Red white & blue is patriotic to the American flag Giu. But I suppose you wouldn't appreciate that . . . perhaps red, green & yellow would suit you better? (g)

Our boat actually had a red bottom when we bought it - didn't look bad, has a white hull though, with blue boot stripes and canvas. I switched over to a dark blue bottom after barrier coating.


----------



## max-on (Mar 30, 2004)

Alex, I thought of grey too, but that would require me to use the Vivid and mix white and black; I just did not want to commit to the quasi-hard Vivid, and went with the Trinidad. "Daltonic", red-green colorblindness, HA, be careful using the big words, may need to get a dictionary function on the board. 

That's right TB, I did not even bother pointing that out to him, I figured he just would not understand!


----------



## TSOJOURNER (Dec 16, 1999)

I like the red bottom. The boat, well, to each his or her own! Alex rants about modern design, but one reason that I (and many others I think) am fond of sailing, is the historical aspect, harkening back to another time when technology was more simple and the connection to the sea seemingly more personal. Not the case for all, freely admitted. But I like the traditional boats, the older and woodier the better! Although a good chart plotter is a welcome nod to the modern ways...


----------



## max-on (Mar 30, 2004)

Bardo, what kind of boat is that pictured, very nice! What fabric are the sails?


----------



## TSOJOURNER (Dec 16, 1999)

Max,
It is a Marine Concepts 'Rob Roy' 23, a little canoe yawl that my dad had back in the 80's. I think its a Brewer design. Very fun, the sails are dacron i think, in the tan bark style. I think it was Cam who said it was the smallest yawl he had ever seen. I concur with that!


----------



## Giulietta (Nov 14, 2006)

Bardo said:


> Alex rants about modern design, but one reason that I (and many others I think) am fond of sailing, is the historical aspect, harkening back to another time when technology was more simple and the connection to the sea seemingly more personal.

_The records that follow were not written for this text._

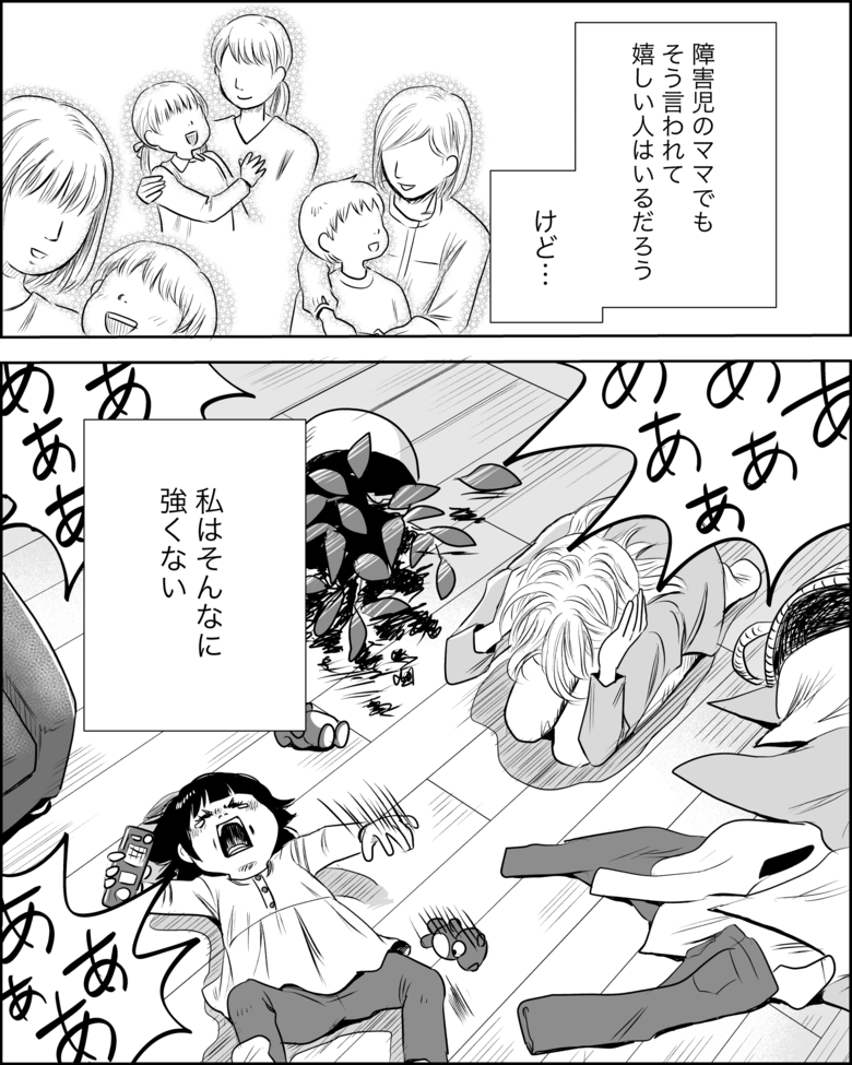 一方で、あやこさんは「障害児のママは強い」「尊敬する」「私には無理」など、周囲から投げかけられる言葉に思い悩んでいきます。
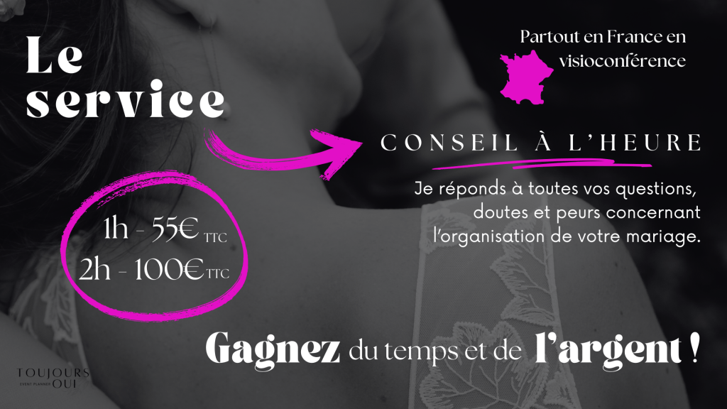 En faisant le paiement, vous acceptez les CGV de Toujours Oui – Wedding Coach
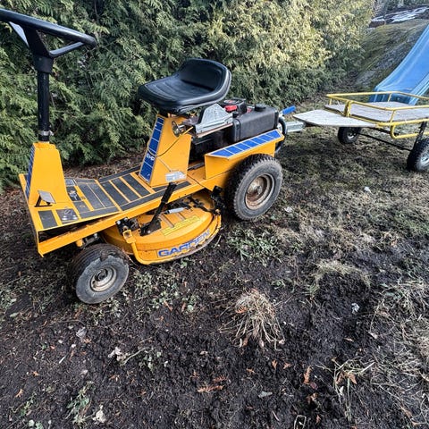 Åkgräsklippare med tillhörande tippvagn. Gräsklipparen är en sittmodell med fyrhjulschassi och klippaggregat under maskinen. Tippvagnen är svart med två hjul och dragstång anpassad för koppling bakom åkgräsklippare. Utrustningen lämpar sig för klippning av gräsmatta samt transport av trädgårdsavfall, jord eller annat material inom tomt eller trädgård.
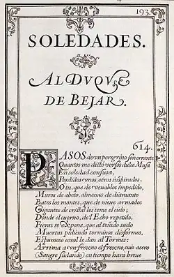 - Soledades (entstanden 1613/14, erschienen 1636): Vier Teile über die Einsamkeit der Felder, Ufer, Wälder und des Ödlandes waren geplant, nur zwei sind erschienen, berühmt für die schönen Naturschilderungen
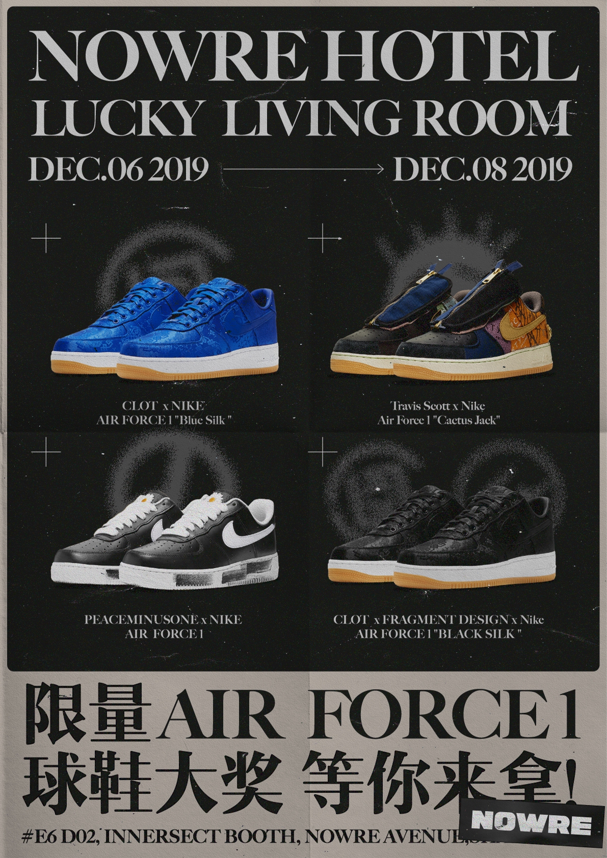 同时,只要参与 NOWRE BEERPOON 投杯球游戏,即可额外获得球鞋扭蛋一枚。NOWRE 在今次球鞋扭蛋中放置了四款「惊喜」:Travis Scott x Nike Air Force 1 、CLOT x Nike Air Force 1「蓝丝绸」、CLOT x Nike Air Force 1「黑丝绸」以及 PEACEMINUSONE x Nike Air Force 1 共四双。只要你手气够好,随时都可以将这些重磅 Nike Air Force 1 鞋款「带回家」。
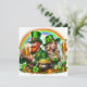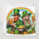 Happy St Patrick's Holiday Card with Irish Man and Lady Drinking Beer, Pots of Gold, Clovers and a Rainbow

Bardo, you're wrong here I do not rant against old designs....

have a look at this lively discussion here between me and Jeff...HERE and see how you are wrong specially towrds the end of that thread..


----------



## TSOJOURNER (Dec 16, 1999)

Giu wrote:
"but noooooooooooo what is good is 1563's Valiants, 1345's Passports, 1785's Pearsons, oh...and the esquisite 1892 Caliber and the 234BC Cabo Rico.....and the rest of the old stuff"

Giu,
Sorry for taking the above quote as a rant against "old stuff". How could I have made such a mistake? Great thread though, and I take both yours and Jeff's points to heart. If and when I get a chance, I would love to sail some of the newer boats. Own one? That may take a change of heart (and wallet).

Freeman


----------



## sailingdog (Mar 19, 2006)

Pretty boat... I like the fact that it has a tiller, rather than a wheel.  I believe there's a smaller yawl than the RobRoy, which is 23' LOA. IIRC, there is one that is about 19' LOA.


----------



## TSOJOURNER (Dec 16, 1999)

SD, we kept ours on the Cape, at Wynchmere Harbor. Somewhat near you I think.


----------



## sailingdog (Mar 19, 2006)

That's a good deal east of me...over by Harwichport IIRC. I know that area somewhat since my sister has a house not too far from there.


Bardo said:


> SD, we kept ours on the Cape, at Wynchmere Harbor. Somewhat near you I think.


----------